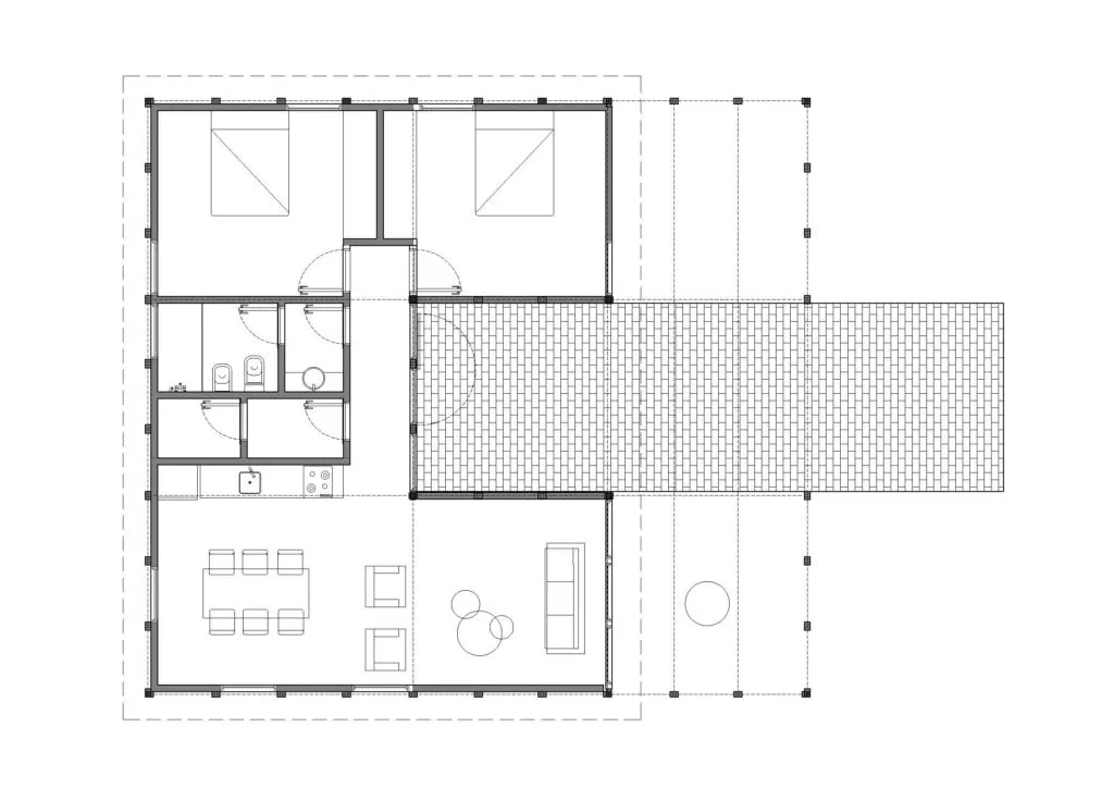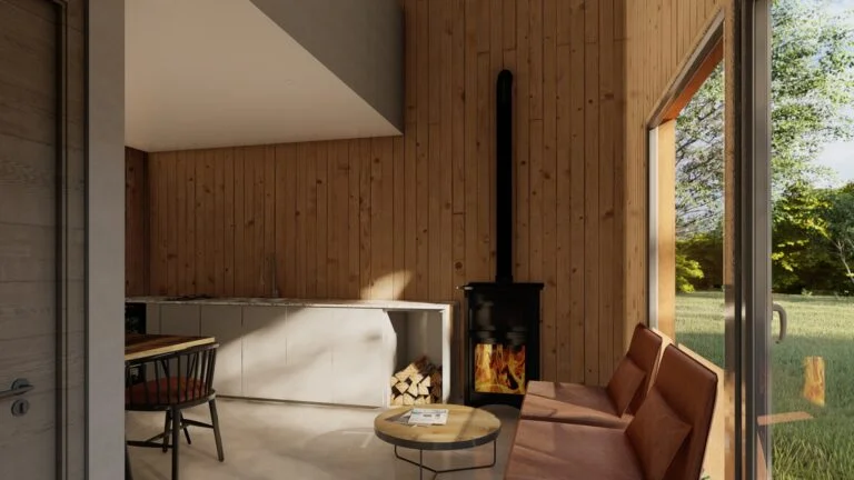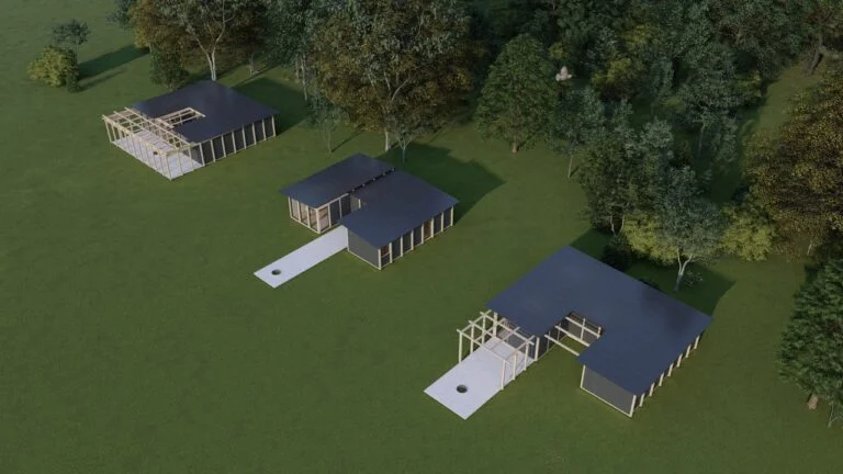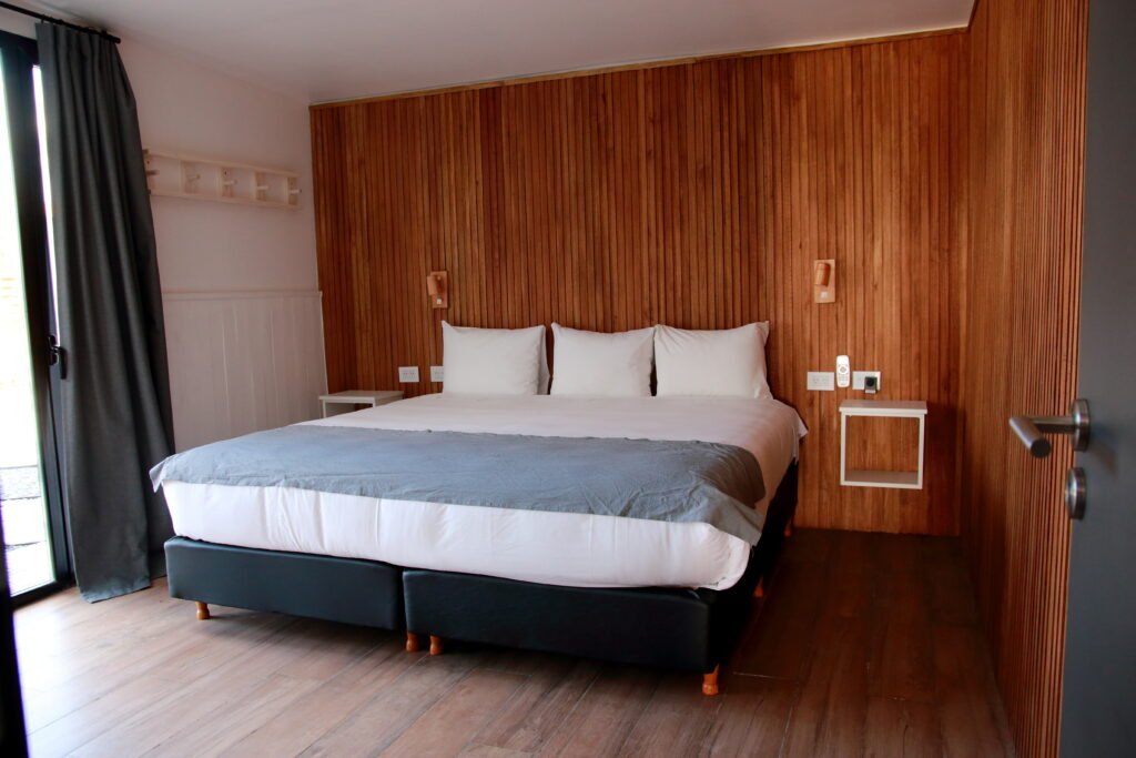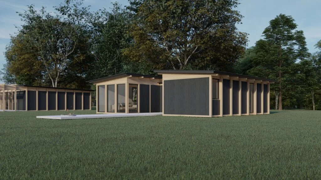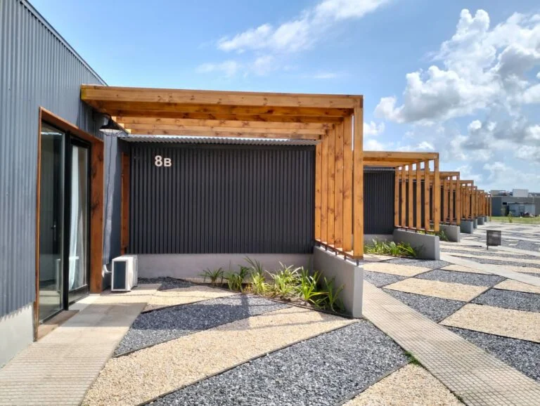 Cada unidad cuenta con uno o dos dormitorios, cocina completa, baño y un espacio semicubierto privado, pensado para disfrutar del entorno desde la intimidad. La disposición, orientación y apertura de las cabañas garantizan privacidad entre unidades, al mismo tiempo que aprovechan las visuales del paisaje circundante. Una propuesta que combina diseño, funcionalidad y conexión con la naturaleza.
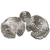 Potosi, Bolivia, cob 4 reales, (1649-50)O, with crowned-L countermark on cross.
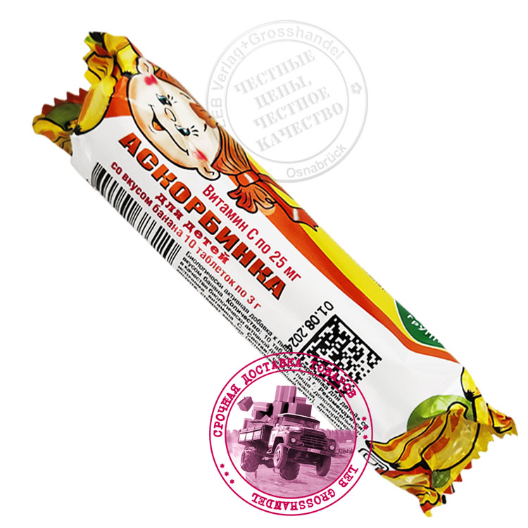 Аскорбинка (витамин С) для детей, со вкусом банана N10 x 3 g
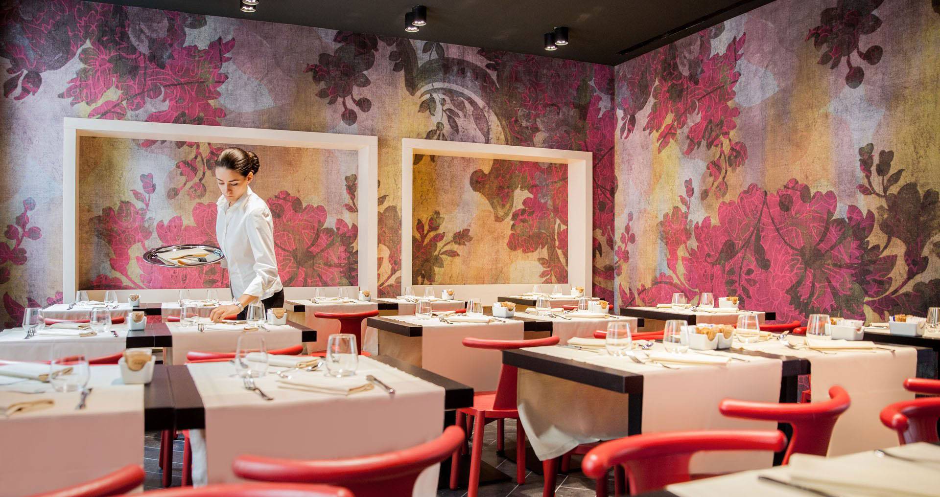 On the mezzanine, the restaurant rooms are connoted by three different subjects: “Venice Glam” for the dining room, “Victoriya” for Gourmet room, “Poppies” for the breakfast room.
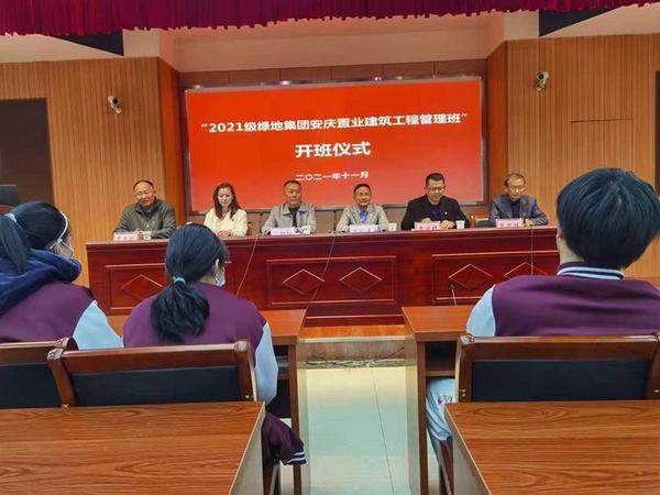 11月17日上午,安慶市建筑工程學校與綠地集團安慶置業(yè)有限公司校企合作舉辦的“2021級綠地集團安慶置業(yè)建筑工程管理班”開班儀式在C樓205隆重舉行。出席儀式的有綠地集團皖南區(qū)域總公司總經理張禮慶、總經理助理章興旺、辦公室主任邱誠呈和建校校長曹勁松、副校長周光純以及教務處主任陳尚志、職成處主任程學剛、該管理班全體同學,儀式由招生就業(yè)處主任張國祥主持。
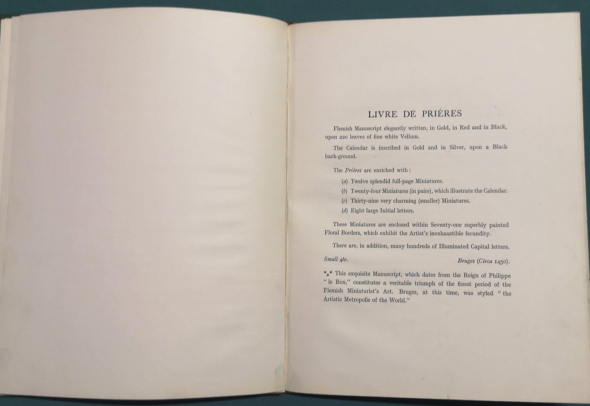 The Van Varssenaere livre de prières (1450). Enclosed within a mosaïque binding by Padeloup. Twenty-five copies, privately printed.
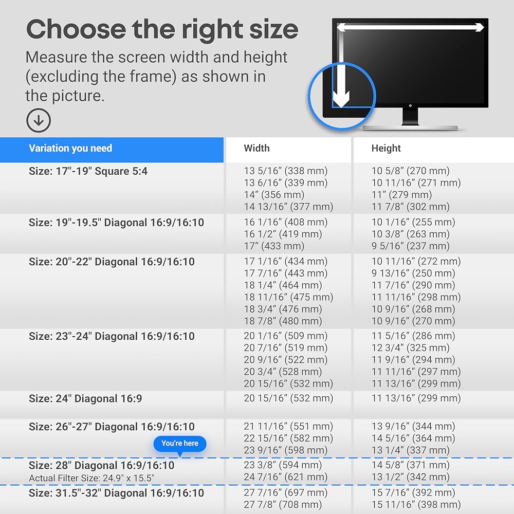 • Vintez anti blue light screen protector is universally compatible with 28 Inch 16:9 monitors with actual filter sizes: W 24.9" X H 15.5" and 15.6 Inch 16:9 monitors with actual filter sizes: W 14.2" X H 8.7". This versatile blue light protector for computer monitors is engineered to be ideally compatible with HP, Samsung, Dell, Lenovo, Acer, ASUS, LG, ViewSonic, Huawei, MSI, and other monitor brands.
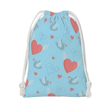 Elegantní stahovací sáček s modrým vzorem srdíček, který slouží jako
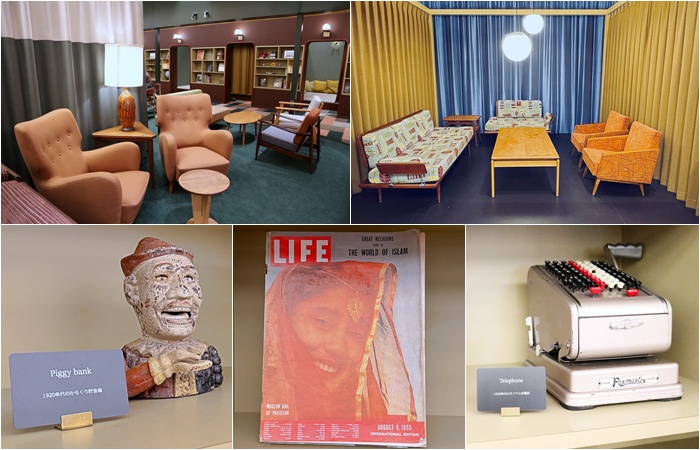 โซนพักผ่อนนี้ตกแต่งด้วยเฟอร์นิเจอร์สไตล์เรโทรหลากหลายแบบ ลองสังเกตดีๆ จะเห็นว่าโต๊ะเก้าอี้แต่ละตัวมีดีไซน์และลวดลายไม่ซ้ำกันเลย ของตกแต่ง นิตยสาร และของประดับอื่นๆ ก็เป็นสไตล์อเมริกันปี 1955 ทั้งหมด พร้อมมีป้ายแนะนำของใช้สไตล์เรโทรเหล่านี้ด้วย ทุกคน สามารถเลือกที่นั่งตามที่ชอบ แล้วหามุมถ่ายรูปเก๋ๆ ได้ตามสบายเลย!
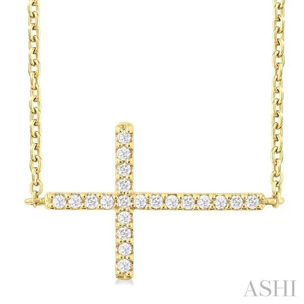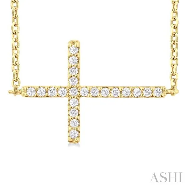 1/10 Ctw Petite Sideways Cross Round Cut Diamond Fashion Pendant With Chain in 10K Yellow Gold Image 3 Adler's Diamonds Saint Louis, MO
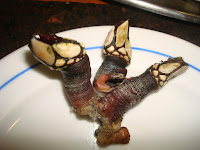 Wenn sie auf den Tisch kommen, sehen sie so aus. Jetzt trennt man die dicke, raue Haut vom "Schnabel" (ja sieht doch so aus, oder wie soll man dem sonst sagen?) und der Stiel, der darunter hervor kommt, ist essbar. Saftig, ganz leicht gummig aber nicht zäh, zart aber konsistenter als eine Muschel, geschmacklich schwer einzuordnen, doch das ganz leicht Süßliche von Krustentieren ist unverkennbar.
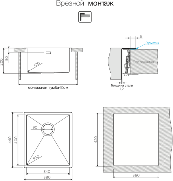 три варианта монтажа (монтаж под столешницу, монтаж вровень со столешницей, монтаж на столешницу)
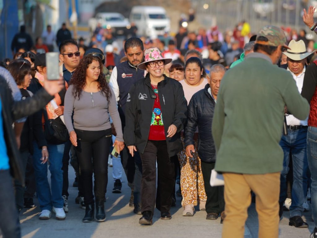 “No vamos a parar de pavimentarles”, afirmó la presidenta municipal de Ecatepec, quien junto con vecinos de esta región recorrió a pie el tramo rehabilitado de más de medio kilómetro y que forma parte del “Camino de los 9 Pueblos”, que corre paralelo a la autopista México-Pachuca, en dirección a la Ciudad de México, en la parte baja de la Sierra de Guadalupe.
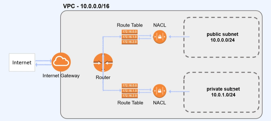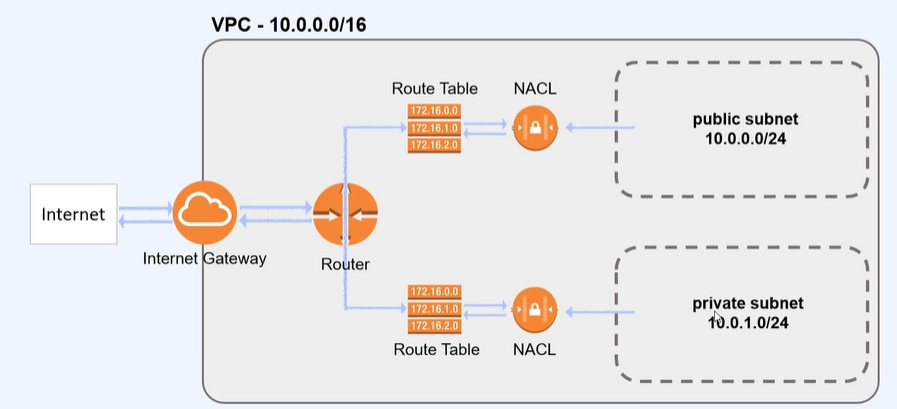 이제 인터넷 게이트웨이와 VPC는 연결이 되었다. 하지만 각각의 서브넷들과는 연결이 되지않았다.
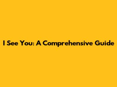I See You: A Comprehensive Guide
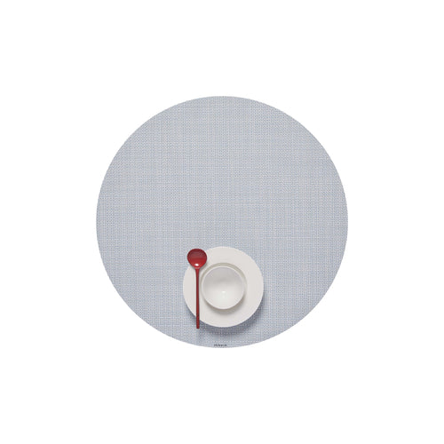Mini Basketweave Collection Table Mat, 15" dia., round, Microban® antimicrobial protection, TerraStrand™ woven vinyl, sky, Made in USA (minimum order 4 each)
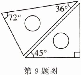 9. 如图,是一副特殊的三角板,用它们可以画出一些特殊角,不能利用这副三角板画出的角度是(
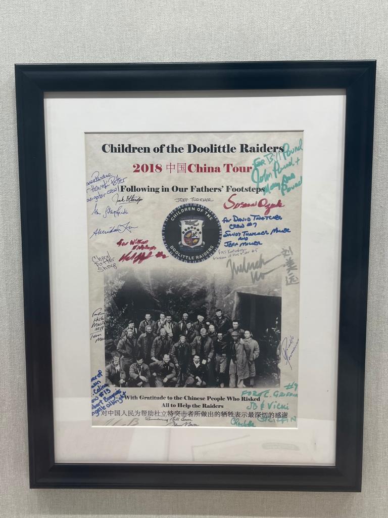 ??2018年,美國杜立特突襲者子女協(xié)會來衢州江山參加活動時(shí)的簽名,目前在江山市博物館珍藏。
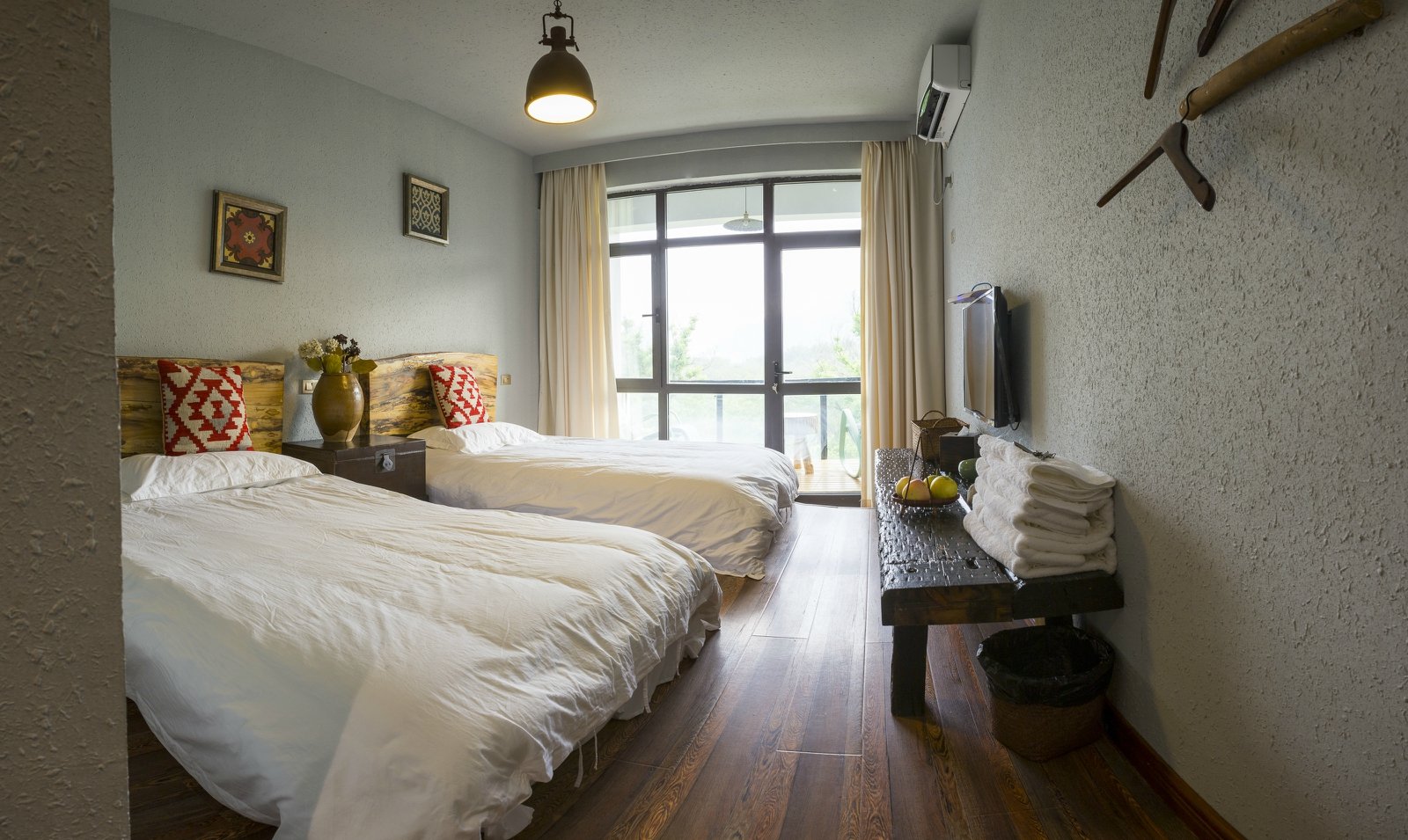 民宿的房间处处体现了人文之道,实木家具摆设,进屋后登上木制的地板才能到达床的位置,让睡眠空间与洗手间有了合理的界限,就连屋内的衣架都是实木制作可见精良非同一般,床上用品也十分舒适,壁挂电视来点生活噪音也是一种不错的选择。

ASSIGNMENT
Give the listing above again exactly, minus any images.

TASK SOLUTION
 Cada unidad cuenta con uno o dos dormitorios, cocina completa, baño y un espacio semicubierto privado, pensado para disfrutar del entorno desde la intimidad. La disposición, orientación y apertura de las cabañas garantizan privacidad entre unidades, al mismo tiempo que aprovechan las visuales del paisaje circundante. Una propuesta que combina diseño, funcionalidad y conexión con la naturaleza.
 Potosi, Bolivia, cob 4 reales, (1649-50)O, with crowned-L countermark on cross.
 Аскорбинка (витамин С) для детей, со вкусом банана N10 x 3 g
 On the mezzanine, the restaurant rooms are connoted by three different subjects: “Venice Glam” for the dining room, “Victoriya” for Gourmet room, “Poppies” for the breakfast room.
 11月17日上午,安慶市建筑工程學校與綠地集團安慶置業(yè)有限公司校企合作舉辦的“2021級綠地集團安慶置業(yè)建筑工程管理班”開班儀式在C樓205隆重舉行。出席儀式的有綠地集團皖南區(qū)域總公司總經理張禮慶、總經理助理章興旺、辦公室主任邱誠呈和建校校長曹勁松、副校長周光純以及教務處主任陳尚志、職成處主任程學剛、該管理班全體同學,儀式由招生就業(yè)處主任張國祥主持。
 The Van Varssenaere livre de prières (1450). Enclosed within a mosaïque binding by Padeloup. Twenty-five copies, privately printed.
 • Vintez anti blue light screen protector is universally compatible with 28 Inch 16:9 monitors with actual filter sizes: W 24.9" X H 15.5" and 15.6 Inch 16:9 monitors with actual filter sizes: W 14.2" X H 8.7". This versatile blue light protector for computer monitors is engineered to be ideally compatible with HP, Samsung, Dell, Lenovo, Acer, ASUS, LG, ViewSonic, Huawei, MSI, and other monitor brands.
 Elegantní stahovací sáček s modrým vzorem srdíček, který slouží jako
 โซนพักผ่อนนี้ตกแต่งด้วยเฟอร์นิเจอร์สไตล์เรโทรหลากหลายแบบ ลองสังเกตดีๆ จะเห็นว่าโต๊ะเก้าอี้แต่ละตัวมีดีไซน์และลวดลายไม่ซ้ำกันเลย ของตกแต่ง นิตยสาร และของประดับอื่นๆ ก็เป็นสไตล์อเมริกันปี 1955 ทั้งหมด พร้อมมีป้ายแนะนำของใช้สไตล์เรโทรเหล่านี้ด้วย ทุกคน สามารถเลือกที่นั่งตามที่ชอบ แล้วหามุมถ่ายรูปเก๋ๆ ได้ตามสบายเลย!
 1/10 Ctw Petite Sideways Cross Round Cut Diamond Fashion Pendant With Chain in 10K Yellow Gold Image 3 Adler's Diamonds Saint Louis, MO
 Wenn sie auf den Tisch kommen, sehen sie so aus. Jetzt trennt man die dicke, raue Haut vom "Schnabel" (ja sieht doch so aus, oder wie soll man dem sonst sagen?) und der Stiel, der darunter hervor kommt, ist essbar. Saftig, ganz leicht gummig aber nicht zäh, zart aber konsistenter als eine Muschel, geschmacklich schwer einzuordnen, doch das ganz leicht Süßliche von Krustentieren ist unverkennbar.
 три варианта монтажа (монтаж под столешницу, монтаж вровень со столешницей, монтаж на столешницу)
 “No vamos a parar de pavimentarles”, afirmó la presidenta municipal de Ecatepec, quien junto con vecinos de esta región recorrió a pie el tramo rehabilitado de más de medio kilómetro y que forma parte del “Camino de los 9 Pueblos”, que corre paralelo a la autopista México-Pachuca, en dirección a la Ciudad de México, en la parte baja de la Sierra de Guadalupe.
 이제 인터넷 게이트웨이와 VPC는 연결이 되었다. 하지만 각각의 서브넷들과는 연결이 되지않았다.
I See You: A Comprehensive Guide
Mini Basketweave Collection Table Mat, 15" dia., round, Microban® antimicrobial protection, TerraStrand™ woven vinyl, sky, Made in USA (minimum order 4 each)
 9. 如图,是一副特殊的三角板,用它们可以画出一些特殊角,不能利用这副三角板画出的角度是(
 ??2018年,美國杜立特突襲者子女協(xié)會來衢州江山參加活動時(shí)的簽名,目前在江山市博物館珍藏。
 民宿的房间处处体现了人文之道,实木家具摆设,进屋后登上木制的地板才能到达床的位置,让睡眠空间与洗手间有了合理的界限,就连屋内的衣架都是实木制作可见精良非同一般,床上用品也十分舒适,壁挂电视来点生活噪音也是一种不错的选择。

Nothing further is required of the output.